The Chancellor is developing an unenviable track record of Budget faux pas. Yet again he has stumbled in the search for acceptable ways to pay for tax cuts.
Time was, when a Chancellor facing the scale of deterioration in the public finances that was unveiled on Wednesday, that he would have turned to the nation and intoned “our long-term ambition remains to raise tax thresholds and increase the point at which people start paying tax at the higher rate. But the worsening economic outlook since the Autumn Statement means I cannot yet afford to do that.”
At a stroke he would have not needed to rely on cuts to personal independence payments to pay for his tax reductions.
Or he could have taken another tack. “Over the past two years motorists have benefited from a dramatic fall in the price they pay at the pump for petrol. While prices were rising, freezing fuel duty was the right thing to do. But with prices at their lowest levels since XX now it is reasonable to add XX to the price of a litre of petrol. This enables me to start meeting our manifesto commitments to reduce tax paid on incomes .... ”. For good measure he could have even added in a bonus Paris climate change mention.
But he chose to do neither of these measures, neither politically easy, but looking better in comparison by the minute as the row over PIPs escalates with the policy being downgraded from firm announcement on Friday, to scored Budget measure on Wednesday to something being consulted on by 10.55 on Thursday evening.
The Chancellor has been there before. In 2012 he dipped into the Treasury’s big box of tax anomalies to find ways to pay for the tax threshold hike the Liberal Democrats demanded as their price for allowing a top rate tax cut. The result as an “omnishambles” budget.
In July 2015, he used a £ 4bn cut in tax credits to make his numbers add up. His autumn reversal forced him to miss his own “welfare cap”.
We have long argued that lack of internal challenge leads to bad policy making. The Treasury is particularly vulnerable. Budget “secrecy” means only the Chancellor and (sometimes) No.10 have an overview of the whole Budget context – the ups and the downs. And in Budgets, context matters – because context determines whether measures appear fair or unfair.
When the PIP cuts were unveiled in a Friday written statement by a DWP junior Minister, there were a few squawks from disability lobbyists. They became politically toxic when set alongside the Chancellor’s other Budget choices.
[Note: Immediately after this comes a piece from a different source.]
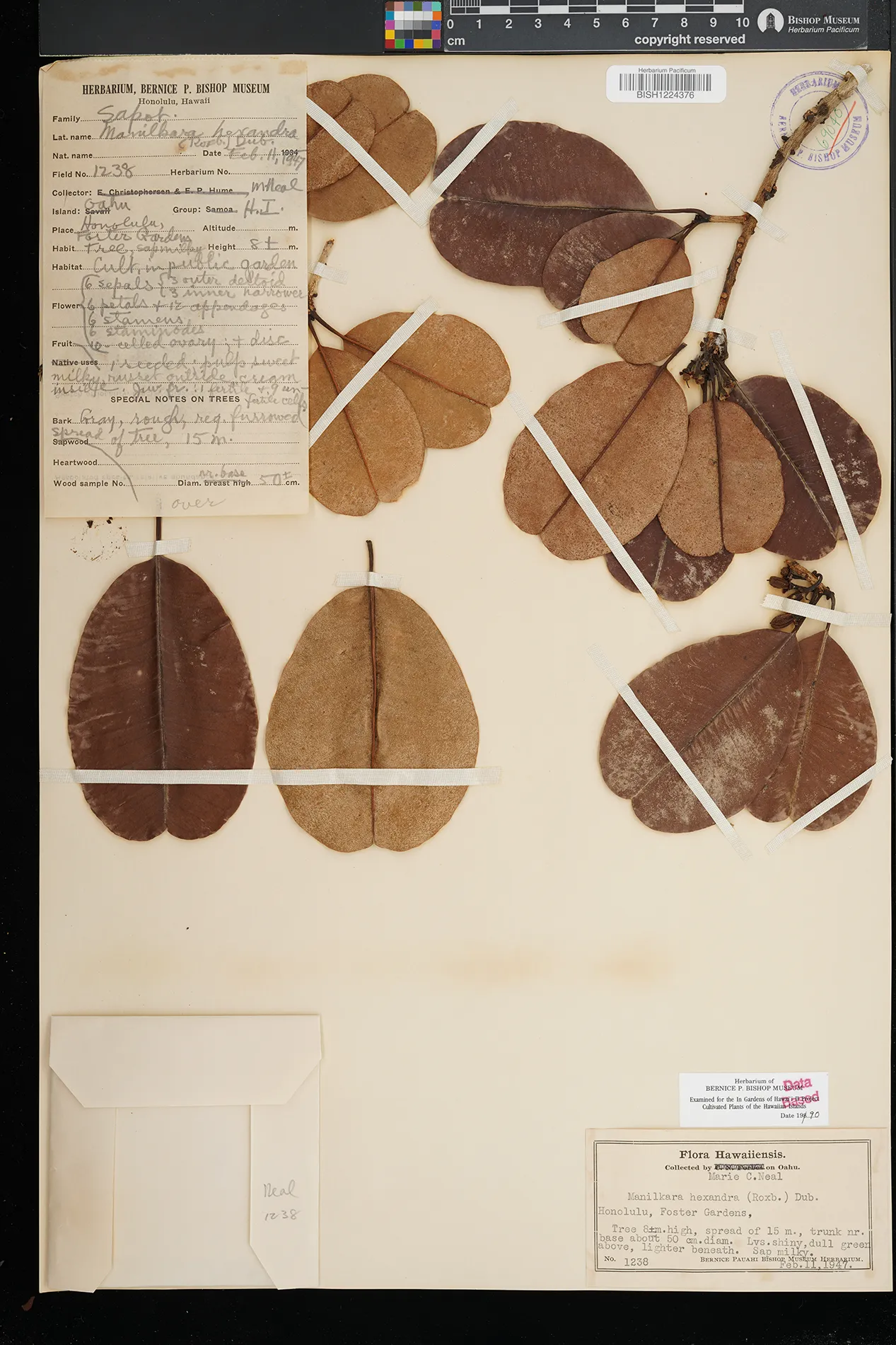 | 4 | Manilkara hexandra | (Roxb.) Dubard | Honolulu, Foster Gardens | PRESERVED_SPECIMEN | Neal, M.C. | 1238 | Oahu | BISH | 2/11/1947 | |

And if course, this is not a unique Osborne phenomenon – the same applied when Gordon Brown decided to abolish the 10p tax rate to pay for a general income tax cut.
The big decision in the Treasury used to be “the Chancellor’s budget judgement.” That used to mean whether there was to be a net hike or net giveaway. Increasingly though the Chancellor’s Budget judgements – of what mix of measures will be politically sustainable – look questionable. As I have argued before, that points to the need to open up the process so the Chancellor can get some help to see the bigger picture.